Task prompt: Your reply should set down word for word each line below from the one with "Zahvaljujući posebnom dizajnu, Bezzubi" through the final line, both included, but none of the pictures.

= Beginning of Section =

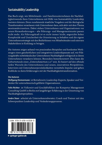 Die Autoren zeigen anhand von praxisnahen Beispielen und konkreten Werkzeugen einen ganzheitlichen und integrativen Leadershipansatz auf, wie Führungskräfte mittelständischer Unternehmen Nachhaltigkeit erfolgreich in ihrem Unternehmen verankern können. Besonders bemerkenswert: Dies kann die Geburtsstunde eines "Unternehmertum 2.0" sein. Es basiert auf den oftmals tiefen Wurzeln des Unternehmens und neuen, innovativen Perspektiven. Interviews mit Unternehmerpersönlichkeiten vermitteln Impulse und geben Einblicke zu ihren Erfahrungen mit der Nachhaltigkeitstransformation.
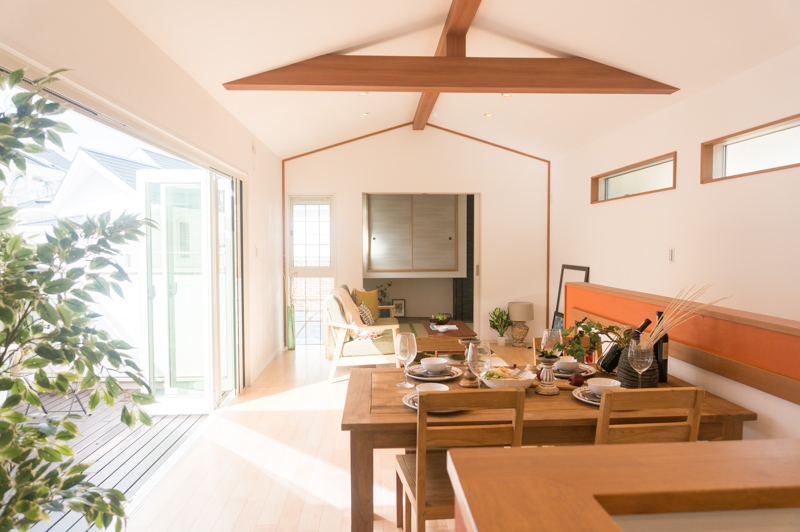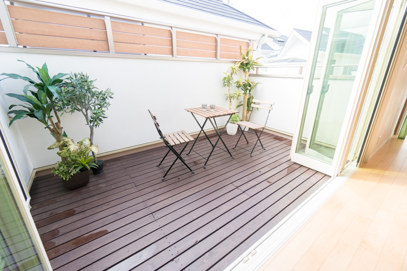 家事の合間のひと休みや家族だんらんにも使えるウッドデッキがあるおうち。
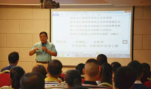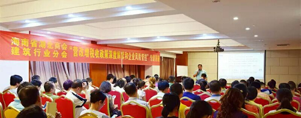 2016年4月16日,海南省湖北商会、海南省湖北商会建筑行业分会,联合尤尼泰(海南)税务师事务所在??谙憬氯蚀缶频旯餐侔炝恕坝脑鏊笆照呱疃冉舛梁推笠捣缦展芸亍弊ㄌ饨沧:D贤蛱┙ㄖこ逃邢薰咀芫?、海南省湖北商会建筑行业分会秘书长张小龙参加并主持了本期讲座。
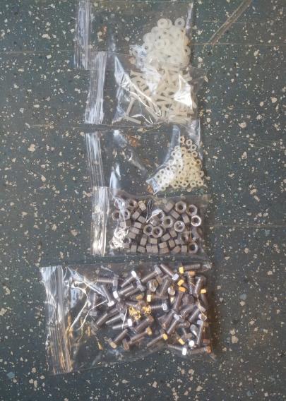 bult/skruv/mtter (gärna i M4 / M5 i plast (både bult + mutter då)
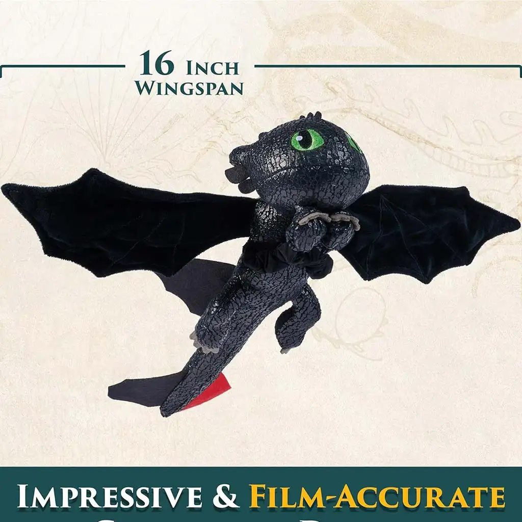 Zahvaljujući posebnom dizajnu, Bezzubi se lako stavlja na dječju podlakticu, pa može biti uz njih tijekom igre uloga ili popodnevnog gledanja crtića. Prepoznatljiv, detaljno izrađen izgled iz filma, zeleni oči, crna tekstura nalik ljuskama i slavno crveno kormilo na repu zasigurno će oduševiti sve obožavatelje. Štoviše, raspon krila od 40 cm daje plišancu zaista impresivan izgled. Savršen poklon za svakog fana Kako izdresirati zmaja koji želi vlastitog zmaja za svaki dan.
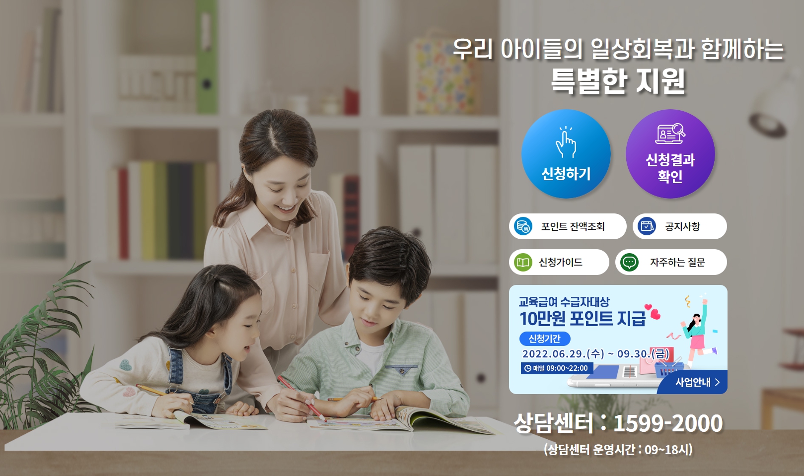 올 초 교육급여을 신청하고 수급하신 분이라면우리 아이들의 일상회복과 함께하는 특별한 지원인 교육급여 학습특별지원금 신청하세요. 신청기간은 22년 6월 29일(수)~9월 30일(금) 까지이며, 기간 안에 매일 09시~22시 입니다.

= End of Section =

Written response:
 Zahvaljujući posebnom dizajnu, Bezzubi se lako stavlja na dječju podlakticu, pa može biti uz njih tijekom igre uloga ili popodnevnog gledanja crtića. Prepoznatljiv, detaljno izrađen izgled iz filma, zeleni oči, crna tekstura nalik ljuskama i slavno crveno kormilo na repu zasigurno će oduševiti sve obožavatelje. Štoviše, raspon krila od 40 cm daje plišancu zaista impresivan izgled. Savršen poklon za svakog fana Kako izdresirati zmaja koji želi vlastitog zmaja za svaki dan.
 올 초 교육급여을 신청하고 수급하신 분이라면우리 아이들의 일상회복과 함께하는 특별한 지원인 교육급여 학습특별지원금 신청하세요. 신청기간은 22년 6월 29일(수)~9월 30일(금) 까지이며, 기간 안에 매일 09시~22시 입니다.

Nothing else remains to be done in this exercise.